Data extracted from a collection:
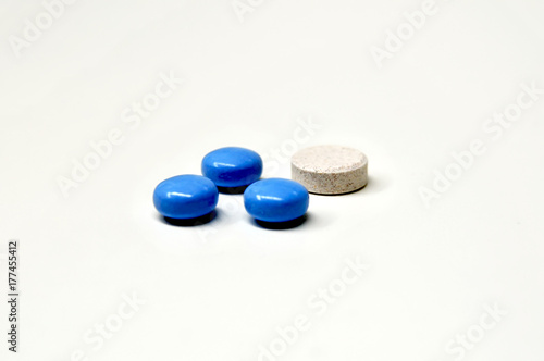 Leki biała tabletka niebieskie pigułki na białym tle
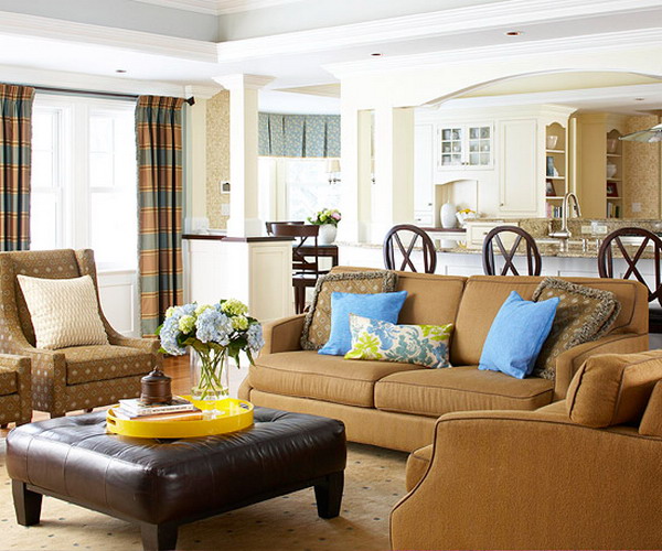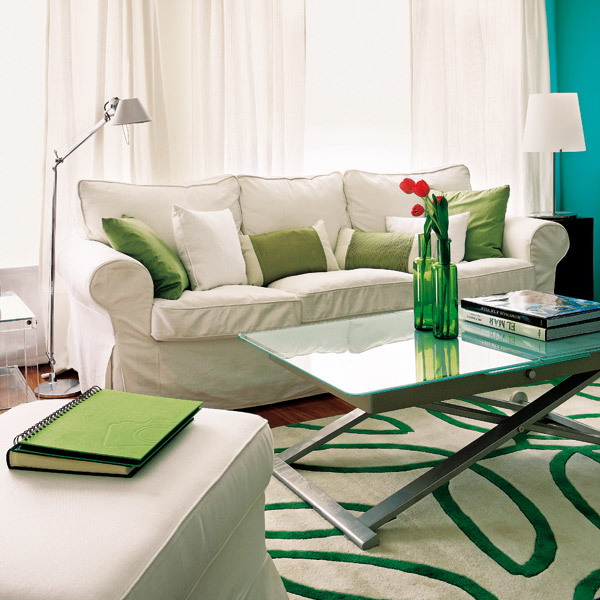 Основные акценты - зеленые (не темные, но и не бледные), дополнительные - желтые (по желанию). Лучше всего выглядит в гостиной светлых нейтральных тонов.
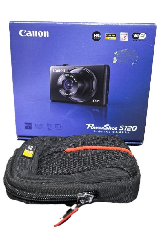 This compact Canon Powershot S120 digital camera offers 12.1 megapixels of image quality. It's a versatile option for capturing stunning photos on the go. The camera comes with the original box, charger, case, and battery, making it easy to get started right away.
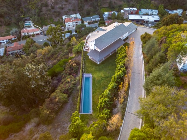 This property is only available for monthly stays with a minimum of 31 nights. Nestled within the prestigious enclave known as ""Billionaire's Row,"" this opulent double-gated estate spans over 1.14 acres, boasting unparalleled privacy and security. With sweeping views of city lights and the ocean, the location sets the stage for a lifestyle of grandeur. Encompassing approximately 5,580 square feet of pure luxury, the estate offers a harmonious blend of sophistication and comfort. Its interior features include five lavish bedrooms and six exquisite bathrooms, each thoughtfully designed for both relaxation and indulgence. Step inside to discover a gourmet kitchen adorned with top-tier Wolf and Sub-zero appliances, centred around an expansive island. The formal dining room exudes elegance, while the spacious living room, complete with a fireplace, beckons for moments of warmth and togetherness. French doors grace the living spaces, connecting them seamlessly to the outdoors. Venture to the sun-kissed front patio, where ocean and city views unfold before your eyes. The infinity pool commands attention, overlooking the breathtaking scenery. A sprawling grassy yard, a spa, and even a fenced vegetable garden offer an oasis of outdoor pleasures. Ascend the sweeping staircase to the master suite, a sanctuary of indulgence with soaring ceilings, a spa-like bath, and dual closets. Step onto your private balcony to relish the captivating views. Three additional en suite bedrooms grace the upper level, alongside a guest room downstairs. Entertainment finds its zenith in the state-of-the-art professional screening room, while a well-equipped gym caters to wellness enthusiasts. Gleaming hardwood floors traverse the estate, adding to the allure of its refined interiors. With guest quarters and an oversized mudroom and laundry area, practicality seamlessly merges with luxury. This estate is the epitome of an entertainer's haven, inviting you to experience the quintessential LA lifestyle where sophistication meets relaxation. Intricate details, panoramic views, and lavish amenities converge to present an estate that transcends ordinary living, redefining opulence for those who seek the extraordinary. Important Note: Please be aware that cellular reception in the area may vary depending on your provider. To ensure a seamless experience, we recommend downloading Google Maps offline before your arrival. By saving the area in advance, you can easily navigate and access directions even without cellular service or Wi-Fi. This will help you get around with ease during your stay.
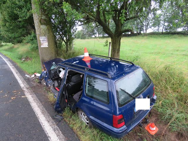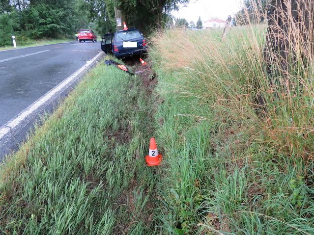 Z dopravní nehody je důvodně podezřelá 40letá řidička osobního vozidla VW Golf, která nezvládla řízení vozidla a z dosud nezjištěných příčin vyjela s vozidlem vpravo mimo komunikaci do silničního vodotoku a následně čelně narazila do stromu. Po dopravní nehodě zůstala řidička zaklíněná ve vozidle. Po jejím vyproštění musela být s těžkým zraněním transportována na traumatologické oddělení do nemocnice. Dále došlo k lehkému zranění spolujezdce ze zadního sedadla. Hmotná škoda na vozidle je odhadem 40 000 korun. Bližší okolnosti dopravní nehody, včetně zjišťování přítomnosti alkoholu u řidičky, budou výsledkem dalšího šetření dopravních policistů.
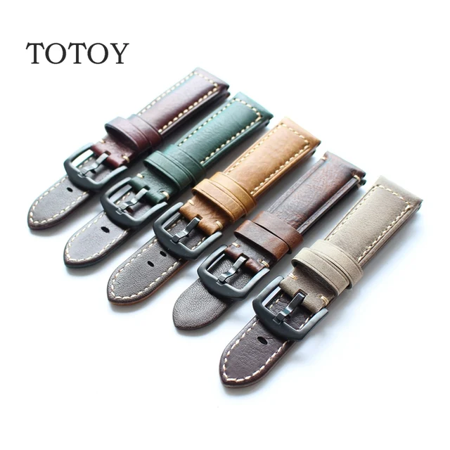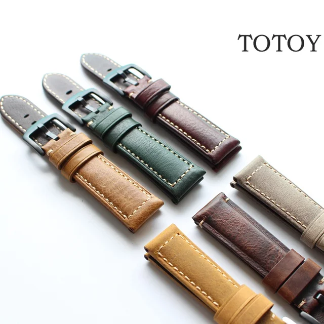 | [해외]TOTOY 수제 가죽 시계 줄, 레트로 스타일 20 미리메터 22 미리메터 부드러운 남성 송아지 가죽 스트랩, 적합한 군사 시계 시계 |
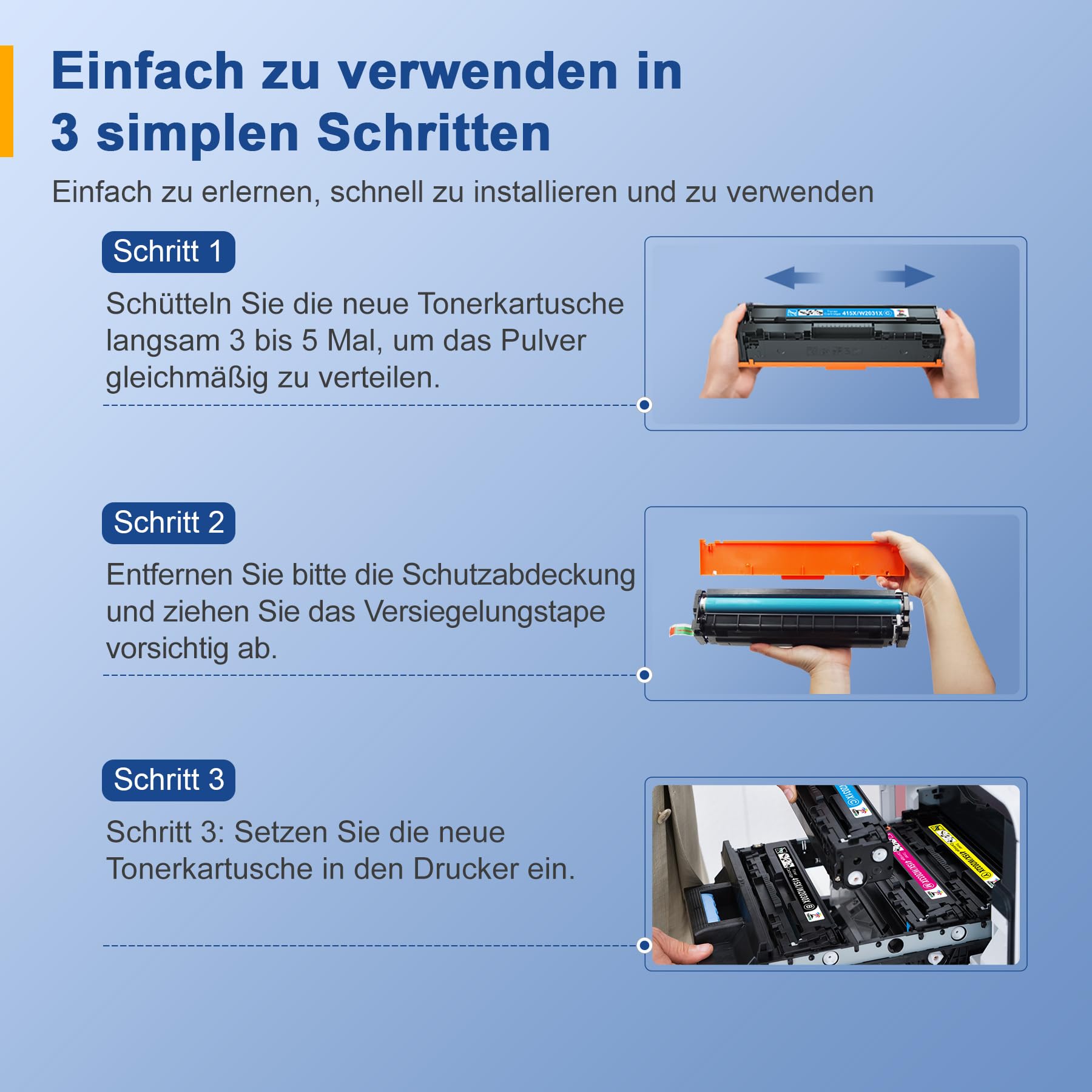 Steigern Sie Ihre Druckeffizienz mit diesem kompatiblen 4-Farben-Toner-Set, der idealen und kostengünstigen Lösung für Ihre HP Color LaserJet Pro Drucker. Erleben Sie zuverlässige Leistung und herausragende Druckqualität für all Ihre Dokumente.

_Assignment_. Although the records above contain pictures, only their text is to be repeated, exactly as given.

_Final answer_.
 Leki biała tabletka niebieskie pigułki na białym tle
 Основные акценты - зеленые (не темные, но и не бледные), дополнительные - желтые (по желанию). Лучше всего выглядит в гостиной светлых нейтральных тонов.
 This compact Canon Powershot S120 digital camera offers 12.1 megapixels of image quality. It's a versatile option for capturing stunning photos on the go. The camera comes with the original box, charger, case, and battery, making it easy to get started right away.
 This property is only available for monthly stays with a minimum of 31 nights. Nestled within the prestigious enclave known as ""Billionaire's Row,"" this opulent double-gated estate spans over 1.14 acres, boasting unparalleled privacy and security. With sweeping views of city lights and the ocean, the location sets the stage for a lifestyle of grandeur. Encompassing approximately 5,580 square feet of pure luxury, the estate offers a harmonious blend of sophistication and comfort. Its interior features include five lavish bedrooms and six exquisite bathrooms, each thoughtfully designed for both relaxation and indulgence. Step inside to discover a gourmet kitchen adorned with top-tier Wolf and Sub-zero appliances, centred around an expansive island. The formal dining room exudes elegance, while the spacious living room, complete with a fireplace, beckons for moments of warmth and togetherness. French doors grace the living spaces, connecting them seamlessly to the outdoors. Venture to the sun-kissed front patio, where ocean and city views unfold before your eyes. The infinity pool commands attention, overlooking the breathtaking scenery. A sprawling grassy yard, a spa, and even a fenced vegetable garden offer an oasis of outdoor pleasures. Ascend the sweeping staircase to the master suite, a sanctuary of indulgence with soaring ceilings, a spa-like bath, and dual closets. Step onto your private balcony to relish the captivating views. Three additional en suite bedrooms grace the upper level, alongside a guest room downstairs. Entertainment finds its zenith in the state-of-the-art professional screening room, while a well-equipped gym caters to wellness enthusiasts. Gleaming hardwood floors traverse the estate, adding to the allure of its refined interiors. With guest quarters and an oversized mudroom and laundry area, practicality seamlessly merges with luxury. This estate is the epitome of an entertainer's haven, inviting you to experience the quintessential LA lifestyle where sophistication meets relaxation. Intricate details, panoramic views, and lavish amenities converge to present an estate that transcends ordinary living, redefining opulence for those who seek the extraordinary. Important Note: Please be aware that cellular reception in the area may vary depending on your provider. To ensure a seamless experience, we recommend downloading Google Maps offline before your arrival. By saving the area in advance, you can easily navigate and access directions even without cellular service or Wi-Fi. This will help you get around with ease during your stay.
 Z dopravní nehody je důvodně podezřelá 40letá řidička osobního vozidla VW Golf, která nezvládla řízení vozidla a z dosud nezjištěných příčin vyjela s vozidlem vpravo mimo komunikaci do silničního vodotoku a následně čelně narazila do stromu. Po dopravní nehodě zůstala řidička zaklíněná ve vozidle. Po jejím vyproštění musela být s těžkým zraněním transportována na traumatologické oddělení do nemocnice. Dále došlo k lehkému zranění spolujezdce ze zadního sedadla. Hmotná škoda na vozidle je odhadem 40 000 korun. Bližší okolnosti dopravní nehody, včetně zjišťování přítomnosti alkoholu u řidičky, budou výsledkem dalšího šetření dopravních policistů.
 | [해외]TOTOY 수제 가죽 시계 줄, 레트로 스타일 20 미리메터 22 미리메터 부드러운 남성 송아지 가죽 스트랩, 적합한 군사 시계 시계 |
 Steigern Sie Ihre Druckeffizienz mit diesem kompatiblen 4-Farben-Toner-Set, der idealen und kostengünstigen Lösung für Ihre HP Color LaserJet Pro Drucker. Erleben Sie zuverlässige Leistung und herausragende Druckqualität für all Ihre Dokumente.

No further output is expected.